# ASSIGNED TASK
Produce word for word the lines of the data below running from the one that has "평일 직원 구해요~ 페이지" to the one that has "燈光顔色 | 聖誕USB圓磐冰條燈【彩色遙控】 |", inclusive, and no others.

=== THE DATA ===

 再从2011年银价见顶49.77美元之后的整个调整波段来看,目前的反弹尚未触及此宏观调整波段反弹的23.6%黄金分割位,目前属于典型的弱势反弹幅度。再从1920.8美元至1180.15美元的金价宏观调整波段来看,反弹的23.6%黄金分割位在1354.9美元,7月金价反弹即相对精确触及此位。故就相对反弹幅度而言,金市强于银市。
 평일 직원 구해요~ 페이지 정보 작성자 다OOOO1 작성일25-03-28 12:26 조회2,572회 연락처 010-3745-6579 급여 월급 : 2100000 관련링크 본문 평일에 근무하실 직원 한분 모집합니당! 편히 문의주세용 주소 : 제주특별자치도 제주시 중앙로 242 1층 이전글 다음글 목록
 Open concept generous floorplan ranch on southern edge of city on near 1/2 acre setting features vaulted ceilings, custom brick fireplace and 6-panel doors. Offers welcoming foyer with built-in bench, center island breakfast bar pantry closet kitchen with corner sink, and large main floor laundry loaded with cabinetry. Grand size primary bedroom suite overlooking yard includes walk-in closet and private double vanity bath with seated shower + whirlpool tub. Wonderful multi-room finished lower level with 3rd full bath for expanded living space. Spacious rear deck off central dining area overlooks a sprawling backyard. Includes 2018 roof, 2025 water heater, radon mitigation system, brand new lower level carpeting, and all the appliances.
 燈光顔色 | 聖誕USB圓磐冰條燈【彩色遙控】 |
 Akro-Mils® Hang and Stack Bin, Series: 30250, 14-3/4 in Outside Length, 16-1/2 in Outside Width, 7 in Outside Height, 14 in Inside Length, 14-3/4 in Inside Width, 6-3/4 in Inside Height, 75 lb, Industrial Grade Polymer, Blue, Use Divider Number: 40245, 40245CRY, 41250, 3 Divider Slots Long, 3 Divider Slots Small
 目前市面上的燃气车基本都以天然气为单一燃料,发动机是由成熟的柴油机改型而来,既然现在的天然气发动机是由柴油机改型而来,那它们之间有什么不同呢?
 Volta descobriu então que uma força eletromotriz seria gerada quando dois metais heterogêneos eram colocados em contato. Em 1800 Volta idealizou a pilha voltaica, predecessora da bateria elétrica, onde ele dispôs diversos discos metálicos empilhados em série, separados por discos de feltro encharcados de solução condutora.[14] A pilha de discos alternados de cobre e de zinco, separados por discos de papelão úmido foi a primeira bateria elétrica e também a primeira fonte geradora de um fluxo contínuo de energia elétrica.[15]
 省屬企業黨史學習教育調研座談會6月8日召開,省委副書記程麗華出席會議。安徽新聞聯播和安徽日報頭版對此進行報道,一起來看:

===
=== THE DATA ===

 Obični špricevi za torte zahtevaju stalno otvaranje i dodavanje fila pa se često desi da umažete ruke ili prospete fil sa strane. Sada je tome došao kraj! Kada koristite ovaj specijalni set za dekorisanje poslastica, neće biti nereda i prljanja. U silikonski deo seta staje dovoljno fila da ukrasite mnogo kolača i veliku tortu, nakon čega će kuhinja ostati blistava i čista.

===

# ANSWER TO THE PROBLEM
 평일 직원 구해요~ 페이지 정보 작성자 다OOOO1 작성일25-03-28 12:26 조회2,572회 연락처 010-3745-6579 급여 월급 : 2100000 관련링크 본문 평일에 근무하실 직원 한분 모집합니당! 편히 문의주세용 주소 : 제주특별자치도 제주시 중앙로 242 1층 이전글 다음글 목록
 Open concept generous floorplan ranch on southern edge of city on near 1/2 acre setting features vaulted ceilings, custom brick fireplace and 6-panel doors. Offers welcoming foyer with built-in bench, center island breakfast bar pantry closet kitchen with corner sink, and large main floor laundry loaded with cabinetry. Grand size primary bedroom suite overlooking yard includes walk-in closet and private double vanity bath with seated shower + whirlpool tub. Wonderful multi-room finished lower level with 3rd full bath for expanded living space. Spacious rear deck off central dining area overlooks a sprawling backyard. Includes 2018 roof, 2025 water heater, radon mitigation system, brand new lower level carpeting, and all the appliances.
 燈光顔色 | 聖誕USB圓磐冰條燈【彩色遙控】 |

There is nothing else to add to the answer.